As for Bush not fouling up, yeah, sure--and Dan Quayle was a good speller. The governor botched one key coverage aspect of his prescription-drug program and had to turn silent when Gore caught the mistake. His extraordinary fumble on taxes lay in having a trillion-dollar-plus tax program so tilted, so skewed, that he was unable to rebut, unable even to make a serious reply, when Gore said that Bush’s plan spent more money on tax cuts for the richest 1% of Americans than on all his additional funding proposals for education, health care, the environment and the military combined. The masters of the microphone cannot let this sort of thing go by.

The election now seems headed toward a finale in five undecided Northern states--Pennsylvania, New Jersey, Ohio, Illinois and Michigan--that rank among the nation’s 10 biggest. Florida is also a swing-state prize, but the five Northern states almost verge on bloc status. You can drive from Hoboken to Rock Island and hit nothing but these five states and 50 miles of Indiana. So the big issues, as the 1960s saying went, will get to play in Peoria.

This is not the America of investment bankers scheming for $3-million bonuses or Silicon Valley tech entrepreneurs buying personal vineyards before they know how to open a chardonnay. In small-town Middle America, with its interspersed middle-class suburbs and aging factory cities, hairstyles are for beauty parlors, and subservience to the rich and big contributors is one of the Republican Party’s most dangerous Achilles’ heels.

National polls show that even 30%-50% of registered Republicans agree with some version of the “too favorable to the rich” critique of Bush’s tax plan, and the New Jersey-to-Illinois numbers should be just as strong. When Bill Clinton and Ross Perot used some of this rhetoric against Bush’s father in the weak economy of 1992, the elder Bush met the worst defeat for a sitting Republican president since Herbert Hoover in 1932.

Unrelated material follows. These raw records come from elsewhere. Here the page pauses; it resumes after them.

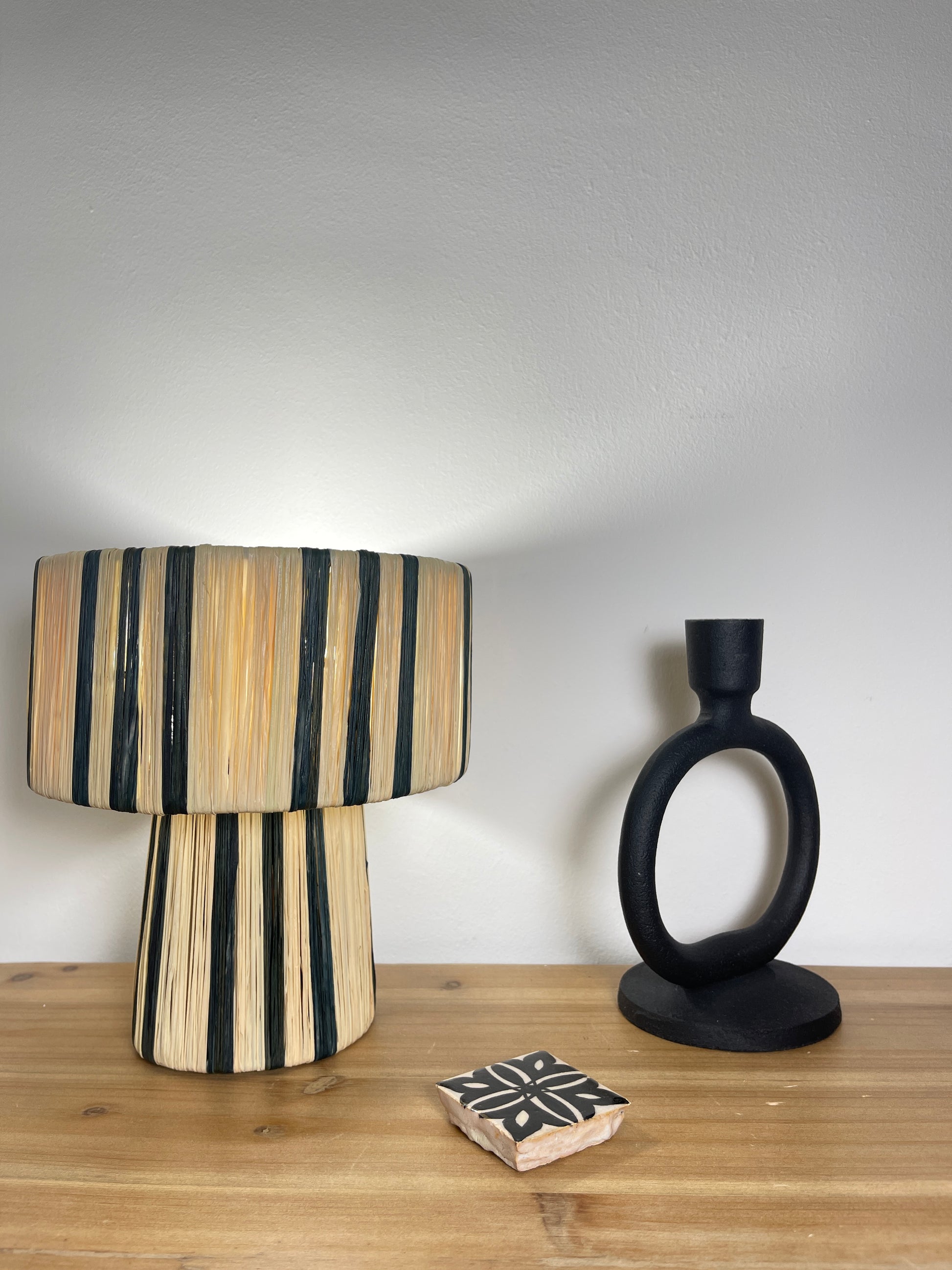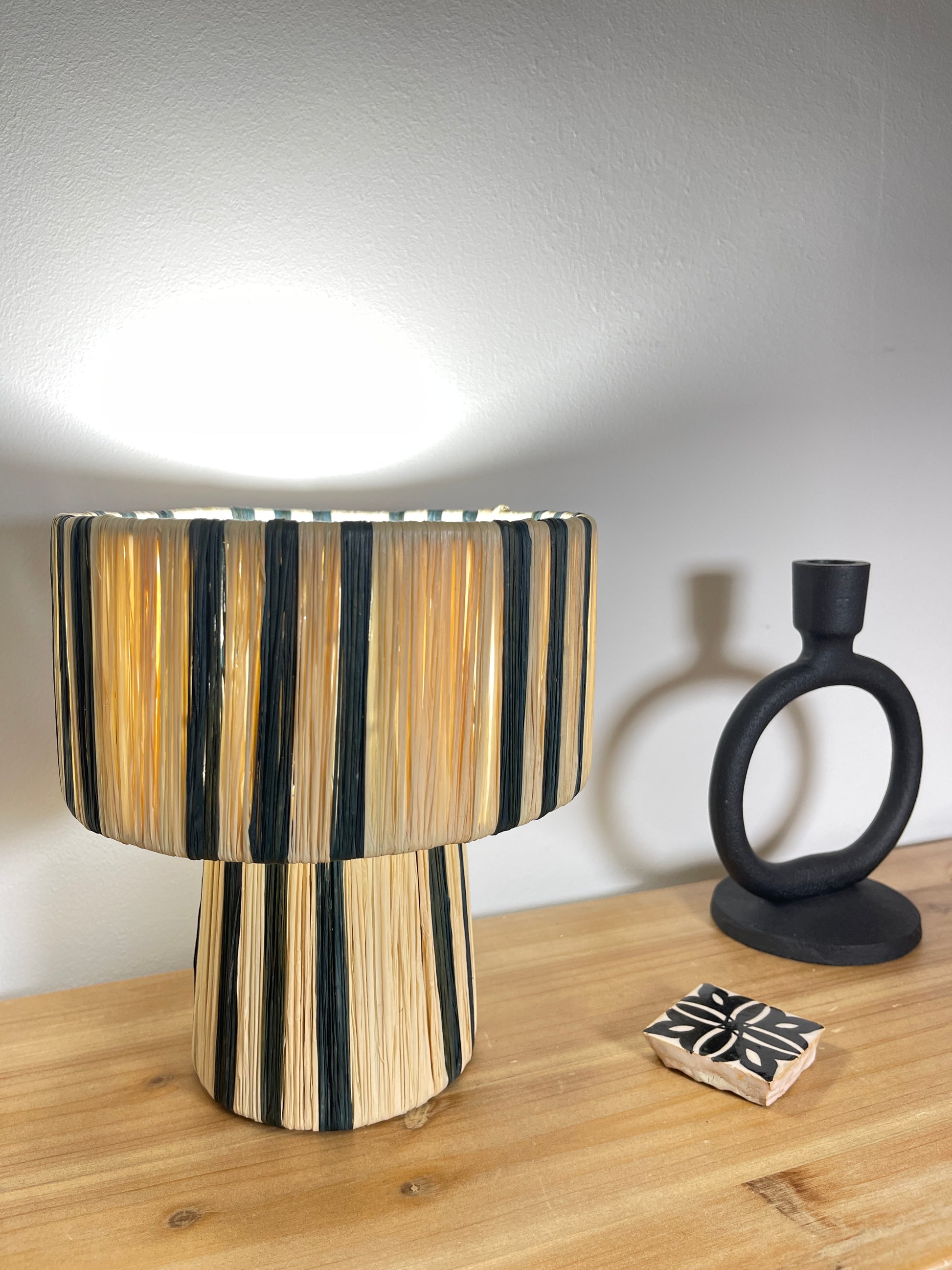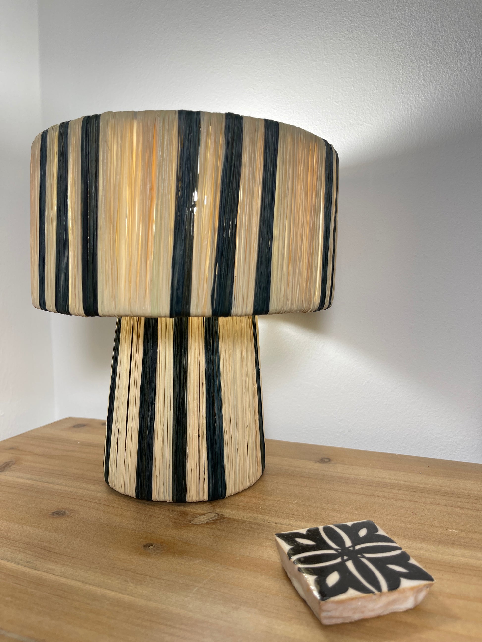 Esta lámpara de mesa artesanal es ideal para complementar la decoración de tu hogar. Elaborada con rafia, aporta un estilo natural y alegre a cualquier ambiente. Cuenta con un interruptor muy práctico para encenderla y apagarla, lo que la convierte en una opción decorativa, útil y de fácil mantenimiento.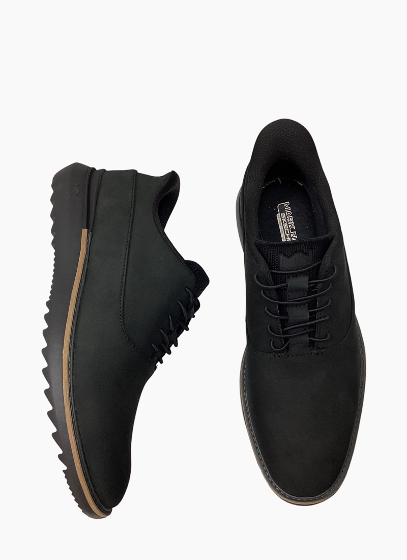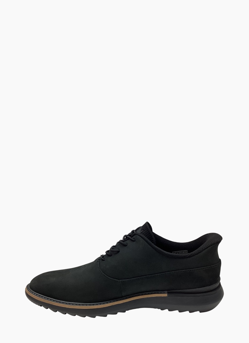 - Classic Oxford style with a leather upper and fixed stretch laces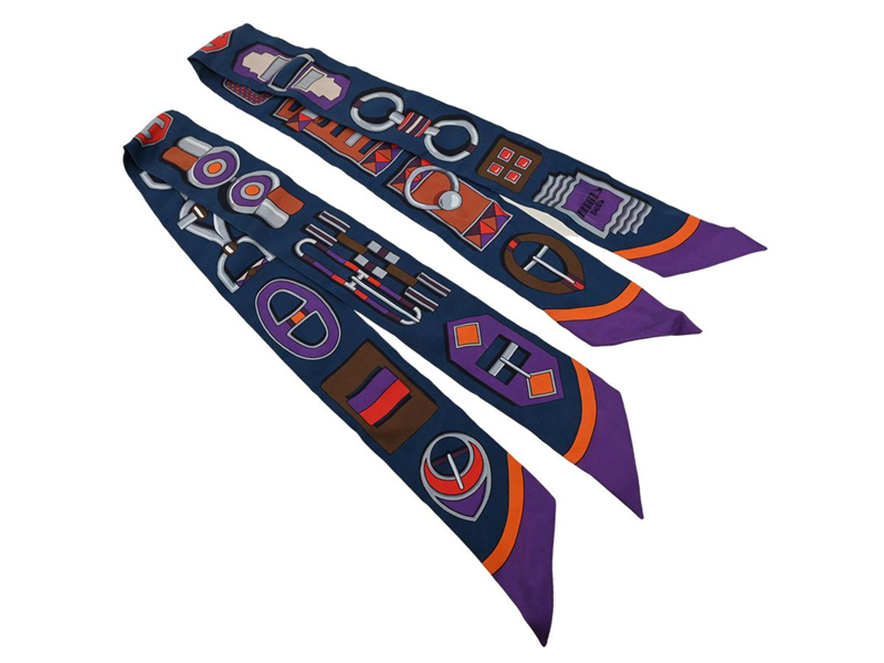 SCARF, HERMÈS, 2 Twilly, 100% silk, 84x5 cm, blue, purple, brown, red, case.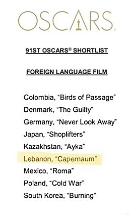 بعد فوزه بجائزة لجنة التحكيم فى مهرجان كان السينمائى الدولي وترشيحه ضمن القائمة القصيرة لجائزة غولدن غلوب، يتجه فيلم "كفرناحوم" Capernaum للمخرجة اللبنانية نادين لبكي بثقة نحو جائزة الأوسكار للعام المقبل، حيث وضعته أكاديمية فنون وعلوم الصور المتحركة في هوليوود على قائمة قصيرة تتضمن ثمانية أفلام أجنبية مرشحة للفوز بالأوسكار في الحفل النهائي الذي سيقام في 24 شباط المقبل.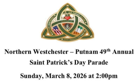 - ON SUNDAY, MARCH 8TH, WE’RE IN THE 49TH ANNUAL NORTHERN WESTCHESTER-PUTNAM ST. PATRICK’S DAY PARADE—IT STEPS OFF AT 2PM ON ROUTE 6 IN MAHOPAC!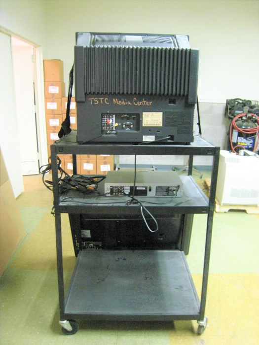 (1) Flat Screen TV (1) VCR (1) Media Cart (1) Box TV
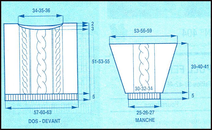 Monter 55 - 57 - 59 m. Tric. 5 cm côtes 1/1 en répart. 11 - 13 - 15 augm. au dernier rg. Cont. comme suit sur les 66 - 70 - 74 m. obtenues: 18 - 20 - 22 m. point de blé, 10 m. jersey env., répart. 10 augm. sur les 10 m. suiv. et tric. 20 m. torsade centrale, 10 m. jersey env., 18 - 20 - 22 m. point de blé.

The vice president, on the other hand, could be vulnerable to several October surprises. Should the stock market, particularly the tech-laden Nasdaq, remain shaky this month, Gore could be hurt. Earlier this year, financial analysts charted close correlations between consumer spending and the ups and downs of the Nasdaq. If stock-market results can sweeten or sour consumer spending, perhaps they can also sweeten or sour November voting. Besides which, the five Northern swing states are all in the heating-oil belt, where voters will have furnaces running and bills in the mailbox before election day.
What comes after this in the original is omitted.